Daneben gibt es eine besondere Offenbarung Gottes, in dem er sich in der Geschichte zeigt. Er erwählt Abraham, dann ein Volk, Israel, und befreit es aus Sklavenschaft, zeigt sich ihm und steht ihm zur Seite. Gott wählt dieses Volk aus und heiligt es zum Zeichen für alle anderen Völker. Es ist eine unverdiente Gnade, die Gottes Liebe offenbart, auch weil Gott immer treu bleibt. Gott tröstet, ist barmherzig, ist wie die Mutterliebe, ja noch größer. Gott vergleicht sich mit einem Bräutigam, der sich mit seiner Braut, den Menschen, vermählt, in einem ewigen Bund.

Gott offenbart auch in seinem Namen, dass er Liebe ist. Der Name im AT sagt auch etwas über das Wesen des Namensträgers aus. Gott nennt sich „Ich bin der ich bin (da)“, YHWH. Gott ist immer da, für uns Menschen da, als Beziehung. Im NT wird dies deutlich im Namen Immanuel. YHWH ist nicht nur mit uns, er ist in diesem Namen Immanuel bei uns, ganz nah, in uns, wie es Jesus auch zu seiner Himmelfahrt nochmals bestätigt: „Ich bin bei euch alle Tage“.

Liebe zielt auf Nähe und Gemeinschaft. Gott sucht deshalb auch des Menschen Nähe. Gott sehnt sich nach der liebenden Antwort des Menschen auf seine Liebe. Gott liebt jeden einzelnen Menschen, keineswegs nur abstrakt die Menschheit. Gott ist ein persönlicher Gott, nicht einzig ein über alles stehender, unnahbarer Schöpfergott, der seine Schöpfung alleine lässt.

Gott liebt besonders das Kleine, das Unscheinbare, deshalb wird er Mensch. Im Immanuel, Jesus (Gott ist Heil), wird Gott einer dieser Menschen. In Jesus wird Gott sichtbar, hörbar, greifbar, Jesus macht den Namen Gottes bekannt, sein Wesen begreifbar. Jesus lässt seinen Worten der Liebe liebevolle Taten folgen, beides gehört zusammen. In Jesus kommt Gott selbst zum Menschen, um ihn wieder Heil zu machen. Der Herr geht in seiner Liebe den Verlorenen nach, sucht sie, jeden Einzelnen.

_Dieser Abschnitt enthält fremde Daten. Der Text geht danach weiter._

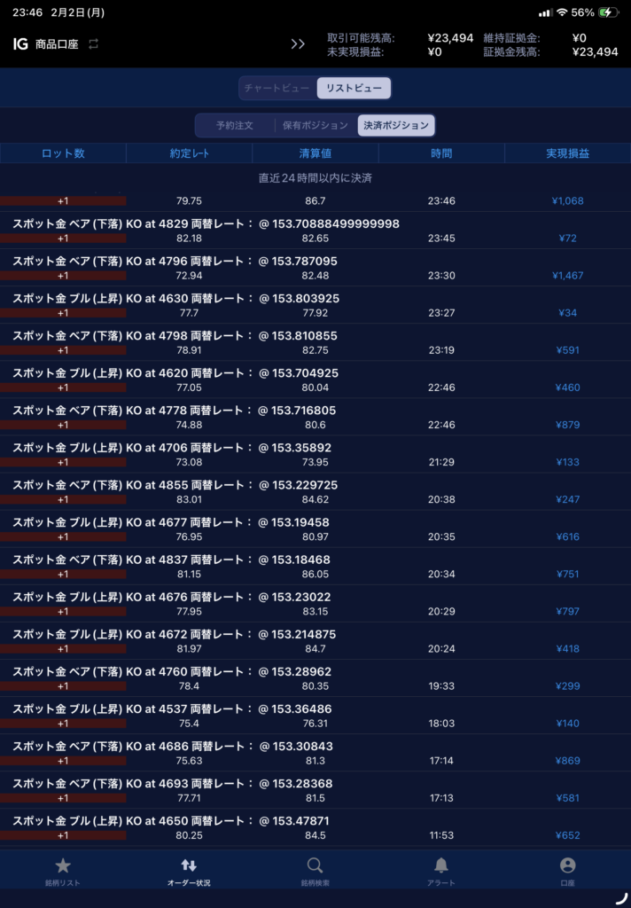 で、本日の残高は画像の通り ¥ 23494 で終えました。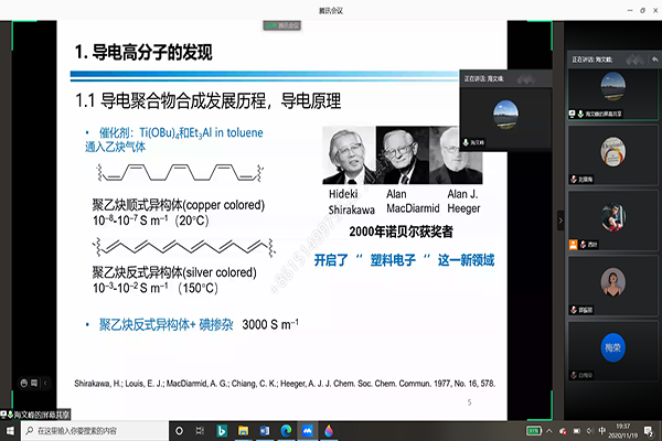 11月19日晚上7点,庆祝化学与材料学院建院(系)45周年系列学术活动暨化学与材料前沿研究卓越论坛第十三期如期举行,我院王曦烨博士和纳米创新研究院的海文峰博士在腾讯会议分别作了题为《蒙药的代谢组学研究》和《用于生物电子,生物传感的功能聚(3,4-乙烯基二氧噻吩)(PEDOT)衍生物》的线上学术报告。学院部分教师、研究生和本科生共计50余人在线聆听了此次学术报告,报告会由副院长刘景海教授主持。

Im Leid und Sterben Jesu zeigt sich dann die große Liebe Gottes. Denn der ersehnten Gemeinschaft Gottes mit dem Menschen steht deren Sünde entgegen. Wo Gott ist, ist kein Raum für Sünde. So räumt Gott selbst dieses Hindernis aus dem Weg. Gott nimmt in Jesus selbst des Menschen Sünden auf sich und legt damit eine Brücke über den Graben, welcher die Sünde ausmacht, hin zu Gott. Deshalb ist allein Jesus der Weg, der diesen Graben überwunden hat und mit dem der Mensch ihn überwinden kann. Gottes Liebe macht selbst den Weg frei, damit der Mensch mit ihm im Leben und in der Ewigkeit Gemeinschaft haben kann. Denn die Liebe ist ewig.

Gottes Liebe ist keine Erinnerung an Vergangenem. Gott will auch heute jedem Bruder, Schwester, Mutter und Vater sein. Darum sendet Gott den Hl. Geist in die Welt, in dem Gott weiterhin immer beim Menschen, im Menschen bleibt. Dort führt Gott ihn, liebt ihn und tröstet. Doch der Mensch ist nicht nur Geist, er ist auch Leib. Deshalb kommt Gott auch leiblich zum Menschen. In der Hl. Eucharistie kommt Gott als Nahrung in den Menschen, um ihn zu verwandeln.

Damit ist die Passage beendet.